Example result folders:

• results/Bilge and Ulusoy/Jobset01_Layout1/
• results/Brandimarte_Data/Mk01_Layout/

Example Pareto plot:

Example Gantt chart:

NSGA-II-FJSP-AGVs/
|-- datasets/
|   `-- FJSP_AGVs/
|       |-- Bilge and Ulusoy/
|       `-- Brandimarte_Data/
|-- nsga_fjsp_agvs/
|   |-- NSGA_II.py
|   |-- binary_tournament_selection.py
|   |-- decoder.py
|   |-- environment_selection.py
|   |-- operators.py
|   |-- parser.py
|   `-- problem.py
|-- utils/
|   |-- performance_test.py
|   `-- recorder.py
|-- results/
|-- main.py
`-- README.md

• Python 3.10+
• Required package: numpy
• Optional packages: matplotlib, tqdm

Install dependencies with:

pip install numpy matplotlib tqdm

If you only want to run the optimizer without plotting, numpy is the only required dependency.

Run the default example:

python main.py

Current default configuration in main.py:

• Dataset: Bilge and Ulusoy
• Instance: Jobset01
• Layout: Layout1
• Stopping criterion: max_fe = 10000
• Population size: 100
• Crossover probability: 0.9
• Mutation probability: 0.15

Typical console output:

Stopping criterion: 10000 function evaluations
Final Pareto front (makespan, energy):
Solution 1: makespan = 73.00, energy = 5773.00
Solution 2: makespan = 74.00, energy = 5694.00
Solution 3: makespan = 75.00, energy = 5669.00
Gantt chart saved to: results/Bilge and Ulusoy/Jobset01_Layout1/best_makespan_gantt.png

The exact Pareto front may vary between runs if no random seed is fixed.

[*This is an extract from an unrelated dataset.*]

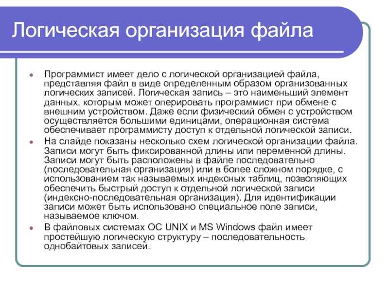 Слайд 14Логическая организация файла
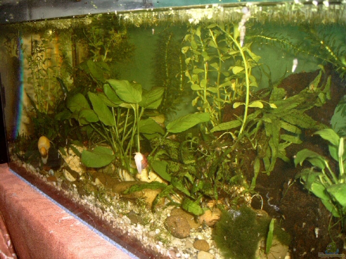 Das Becken fasst zwar 54l, es ist aber nicht ganz bis oben hin gefüllt. Optisch ist das sicherlich nicht sonderlich ansprechend. Aber ich habe mich dennoch dazu entschieden, da mir die Pflanzen, die oben aus dem Wasser ragen, ansonsten verbrennen. Au??erdem konnte ich beobachten, da?? die Zwergkrallenfrösche sich bei abgesenktem Wasserstand fast täglich an der Wasseroberfläche sonnen und dazu teilweise sogar auf die herausragenden Pflanzen kriechen.

After running main.py, the solver will:

• Print the final Pareto front in the console
• Select the individual with the minimum Makespan from the final Pareto front
• Decode that individual again with detailed scheduling information
• Generate a complete 16:9 Gantt chart including: machine processing, AGV empty travel, and AGV loaded travel

Default output path:

results/<dataset>/<instance>_<layout>/best_makespan_gantt.png

To perform repeated runs, save Pareto history, export CSV files, and generate Pareto plots, run:

python utils/performance_test.py

This script can:

• Run a selected dataset multiple times
• Save Pareto-front history for each run
• Merge Pareto points across runs
• Export result tables as CSV files
• Generate scatter plots for Pareto fronts

Example generated files:

• all_pareto_points.csv
• final_pareto_front.csv
• pareto_fronts.png
• combined_pareto_front.png
• history/pareto_history_run_XX.csv

The repository currently includes two benchmark groups:

• datasets/FJSP_AGVs/Bilge and Ulusoy
• datasets/FJSP_AGVs/Brandimarte_Data

Each experiment uses:

• An instance file such as Jobset01.txt or Mk01.txt
• A transport-layout file such as Layout1.txt or Layout.txt

The solver optimizes:

1. Makespan
2. Total Energy

The total energy value includes:

• Machine processing energy
• Machine idle energy
• AGV empty-travel energy
• AGV loaded-travel energy

• nsga_fjsp_agvs/problem.py: problem definition, individual creation, initialization, crossover, and mutation
• nsga_fjsp_agvs/decoder.py: objective evaluation and detailed schedule decoding
• nsga_fjsp_agvs/NSGA_II.py: NSGA-II main loop
• nsga_fjsp_agvs/environment_selection.py: non-dominated sorting and crowding-distance selection
• nsga_fjsp_agvs/operators.py: initialization, crossover, and mutation operators
• utils/recorder.py: Pareto-front reporting and complete Gantt-chart plotting
• utils/performance_test.py: repeated experiments, statistics, CSV export, and Pareto plotting

You can directly modify parameters in main.py or utils/performance_test.py, for example:

• Dataset and layout selection
• max_fe
• Population size pop_size
• Crossover probability cr
• Mutation probability mu
• Number of repeated runs num_runs